■ **Prompt**: When you reach the line in the listing below that contains "소방분야 | 아이에코 ENG |", begin returning lines exactly as written, and stop after the line that contains "crocodile-effect belt Highlights". Return no other lines.

■ **Materials provided**:
══════════
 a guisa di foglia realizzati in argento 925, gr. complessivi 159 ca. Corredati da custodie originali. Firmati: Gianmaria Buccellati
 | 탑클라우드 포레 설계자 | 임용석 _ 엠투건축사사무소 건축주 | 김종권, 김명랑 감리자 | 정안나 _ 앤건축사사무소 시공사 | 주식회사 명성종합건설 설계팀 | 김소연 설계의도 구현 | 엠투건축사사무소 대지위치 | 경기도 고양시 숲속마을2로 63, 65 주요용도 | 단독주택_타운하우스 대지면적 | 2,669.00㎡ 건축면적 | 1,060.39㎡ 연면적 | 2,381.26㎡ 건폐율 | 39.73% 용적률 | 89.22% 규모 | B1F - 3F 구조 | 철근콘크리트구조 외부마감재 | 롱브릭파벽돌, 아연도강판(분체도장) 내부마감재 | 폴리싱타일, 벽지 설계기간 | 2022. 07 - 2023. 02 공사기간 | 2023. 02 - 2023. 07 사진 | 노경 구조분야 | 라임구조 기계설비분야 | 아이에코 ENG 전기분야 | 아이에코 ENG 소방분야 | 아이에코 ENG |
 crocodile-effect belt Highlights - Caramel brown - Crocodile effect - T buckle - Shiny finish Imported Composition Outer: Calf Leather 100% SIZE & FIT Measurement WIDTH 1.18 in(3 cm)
══════════
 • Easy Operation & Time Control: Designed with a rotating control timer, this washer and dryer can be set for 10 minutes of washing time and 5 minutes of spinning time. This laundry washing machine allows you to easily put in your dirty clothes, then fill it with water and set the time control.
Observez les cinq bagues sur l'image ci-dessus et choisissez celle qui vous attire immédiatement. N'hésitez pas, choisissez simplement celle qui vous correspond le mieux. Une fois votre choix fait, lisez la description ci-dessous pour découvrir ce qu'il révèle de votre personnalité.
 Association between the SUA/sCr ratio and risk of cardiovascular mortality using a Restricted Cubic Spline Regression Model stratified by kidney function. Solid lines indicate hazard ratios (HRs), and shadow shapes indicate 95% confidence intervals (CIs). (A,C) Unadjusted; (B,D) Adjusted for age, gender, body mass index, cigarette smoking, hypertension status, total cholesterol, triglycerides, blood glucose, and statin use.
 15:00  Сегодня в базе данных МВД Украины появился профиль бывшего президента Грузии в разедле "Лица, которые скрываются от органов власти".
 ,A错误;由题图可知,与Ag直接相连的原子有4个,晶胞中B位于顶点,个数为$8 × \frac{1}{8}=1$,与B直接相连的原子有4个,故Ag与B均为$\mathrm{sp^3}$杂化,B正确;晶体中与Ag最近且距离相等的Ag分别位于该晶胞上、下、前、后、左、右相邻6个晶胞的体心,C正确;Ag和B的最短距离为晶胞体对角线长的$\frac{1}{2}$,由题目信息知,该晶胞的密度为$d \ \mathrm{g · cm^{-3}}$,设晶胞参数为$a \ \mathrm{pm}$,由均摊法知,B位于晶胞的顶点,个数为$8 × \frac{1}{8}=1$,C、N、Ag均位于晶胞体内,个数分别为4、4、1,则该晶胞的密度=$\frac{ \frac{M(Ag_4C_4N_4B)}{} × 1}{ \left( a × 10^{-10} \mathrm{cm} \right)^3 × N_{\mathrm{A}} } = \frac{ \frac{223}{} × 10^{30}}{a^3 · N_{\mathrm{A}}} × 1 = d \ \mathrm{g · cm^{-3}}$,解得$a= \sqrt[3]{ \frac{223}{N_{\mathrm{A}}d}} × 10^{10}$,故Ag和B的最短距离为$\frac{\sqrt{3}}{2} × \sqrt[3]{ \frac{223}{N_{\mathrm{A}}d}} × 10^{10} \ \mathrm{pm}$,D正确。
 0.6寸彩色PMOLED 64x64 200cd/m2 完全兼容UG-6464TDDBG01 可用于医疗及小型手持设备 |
══════════
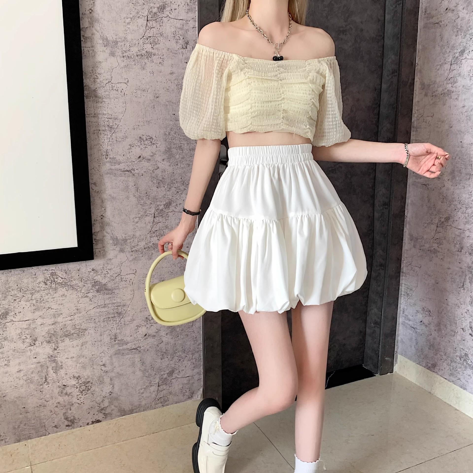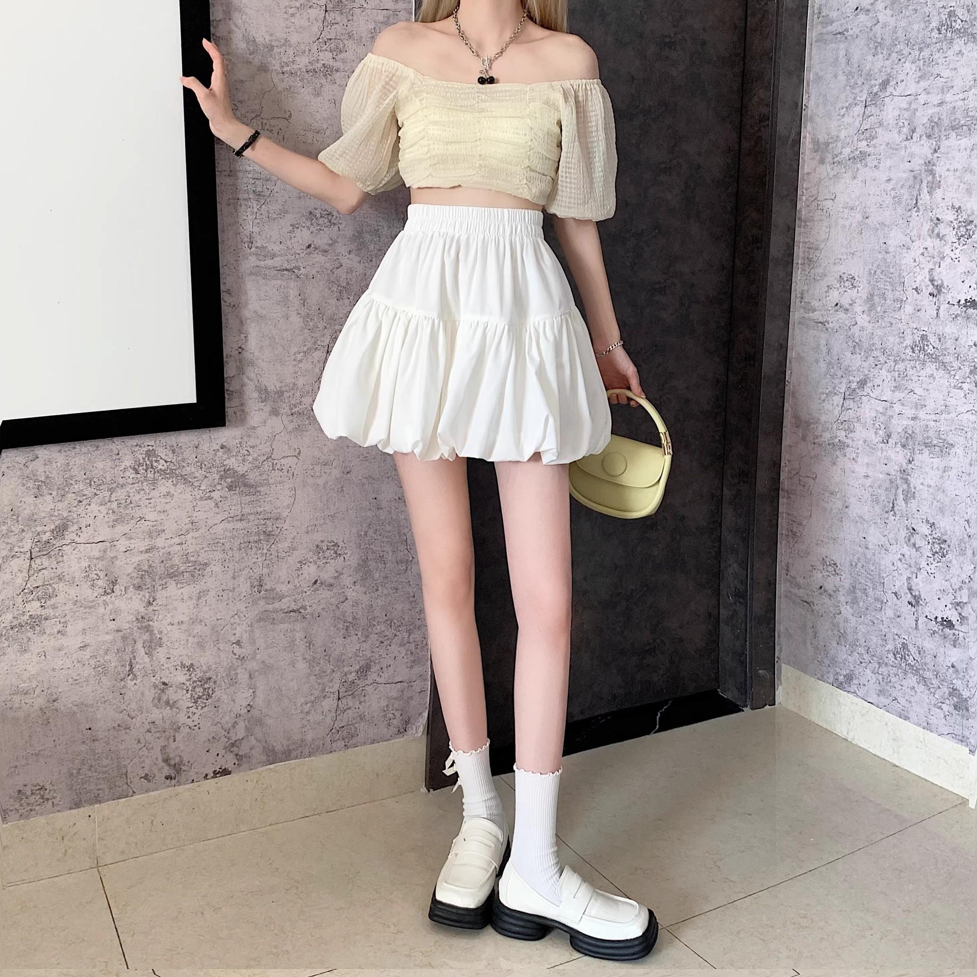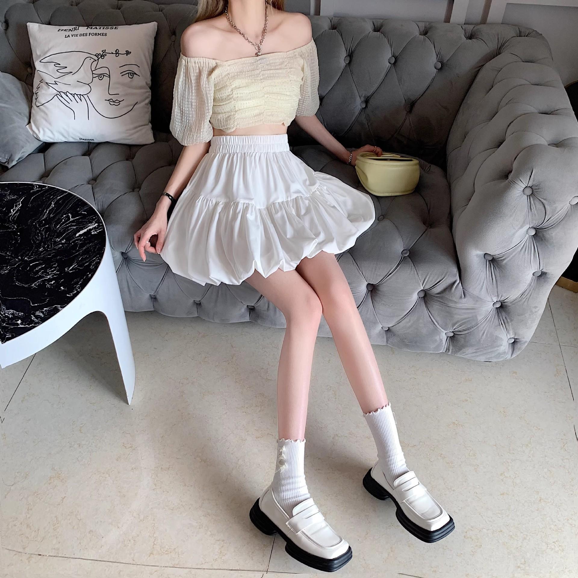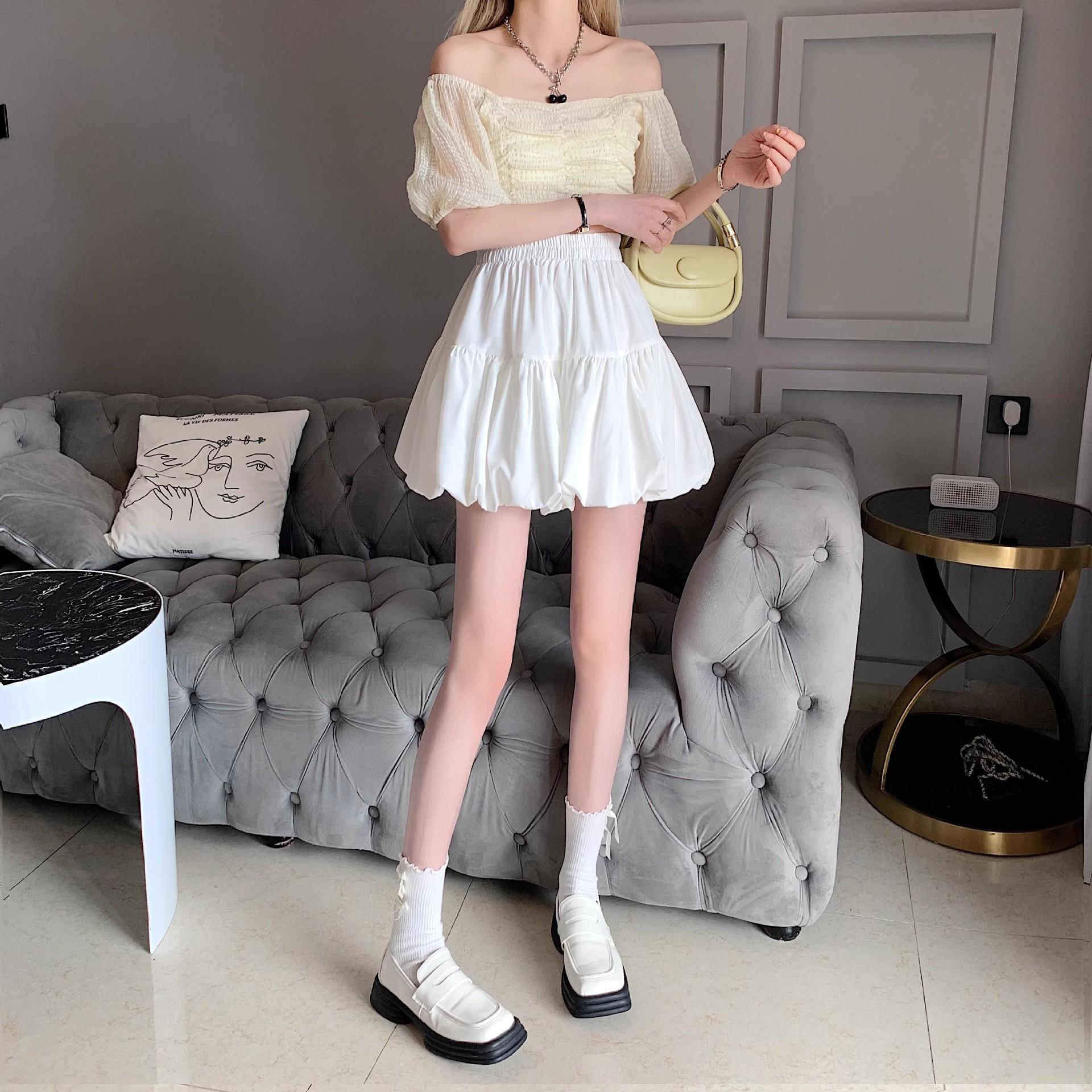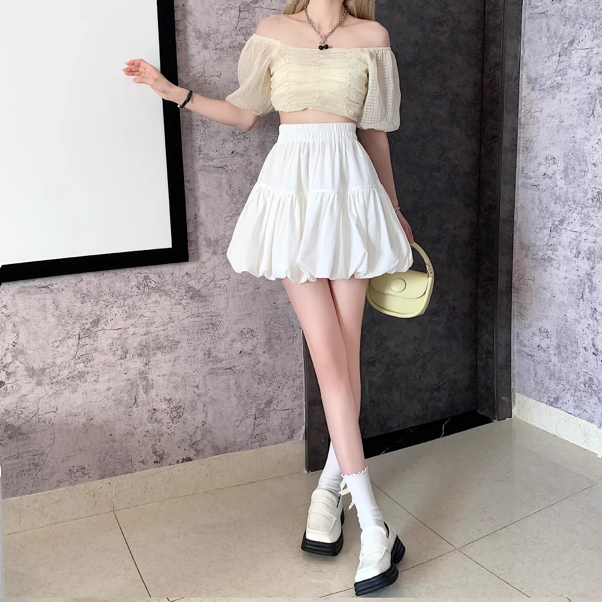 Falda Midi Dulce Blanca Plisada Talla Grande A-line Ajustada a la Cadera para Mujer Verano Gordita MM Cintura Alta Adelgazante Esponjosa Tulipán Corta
══════════
■ **Solution to this exercise**:
 | 탑클라우드 포레 설계자 | 임용석 _ 엠투건축사사무소 건축주 | 김종권, 김명랑 감리자 | 정안나 _ 앤건축사사무소 시공사 | 주식회사 명성종합건설 설계팀 | 김소연 설계의도 구현 | 엠투건축사사무소 대지위치 | 경기도 고양시 숲속마을2로 63, 65 주요용도 | 단독주택_타운하우스 대지면적 | 2,669.00㎡ 건축면적 | 1,060.39㎡ 연면적 | 2,381.26㎡ 건폐율 | 39.73% 용적률 | 89.22% 규모 | B1F - 3F 구조 | 철근콘크리트구조 외부마감재 | 롱브릭파벽돌, 아연도강판(분체도장) 내부마감재 | 폴리싱타일, 벽지 설계기간 | 2022. 07 - 2023. 02 공사기간 | 2023. 02 - 2023. 07 사진 | 노경 구조분야 | 라임구조 기계설비분야 | 아이에코 ENG 전기분야 | 아이에코 ENG 소방분야 | 아이에코 ENG |
 crocodile-effect belt Highlights - Caramel brown - Crocodile effect - T buckle - Shiny finish Imported Composition Outer: Calf Leather 100% SIZE & FIT Measurement WIDTH 1.18 in(3 cm)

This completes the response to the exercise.